3.1. Configuration Settings for operation at FIPS 140-2 overall Security Level 3
Documented below are the configuration settings that are required for the module to be used in a
FIPS 140-2 Approved mode of operation at overall Security Level 3.
1. Disable Red Keyfill. The Configure Module service, issued from the ASTRO PDEG MACE
command line, is used to configure this parameter in the module.
2. Only Approved and Allowed algorithms used. The module supports the following Approved
algorithms:
• AES-256 8-bit CFB (Cert. #819) – used for symmetric encryption/ decryption of keys
and parameters stored in the internal database
• AES-256 OFB (Cert #819) – for symmetric encryption/decryption of keys
• AES-256 ECB (Cert. #819) – used for inner layer encryption
• AES-256 CBC (Cert. #819) - during firmware upgrades and OTAR
• AES-256 GCM (Cert. #1295) – for high-speed encryption/authentication in GCM mode.
• AES-256 KW (Cert. #5358, key unwrapping; key establishment methodology provides
256 bits of encryption strength)
• SHA-256 (Cert. #817) – used for digital signature verification during firmware integrity
test and firmware load test. Used for password hashing for internal password storage.
• SP800-90A DRBG (Cert. #505) - used for IV and key generation.

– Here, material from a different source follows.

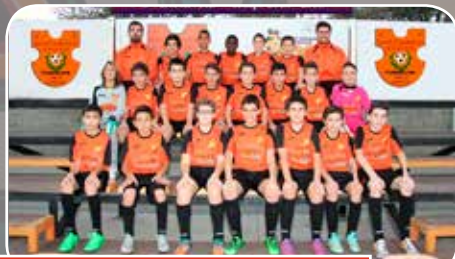
Sto. Domingo Juventud C

The minimum number of bits of entropy generated by the module for key generation is
at least 384 bits.
• RSA-2048 (Cert. #396) – used for digital signature verification during firmware integrity
test and firmware load test.
3. The module supports the following non-FIPS Approved algorithms, allowed in FIPS
Approved mode:
• AES MAC (AES Cert. #819, vendor affirmed; P25 AES OTAR);
• Non-deterministic Hardware Random Number Generator (NDRNG) – used to provide
seeds for the FIPS approved DRBG.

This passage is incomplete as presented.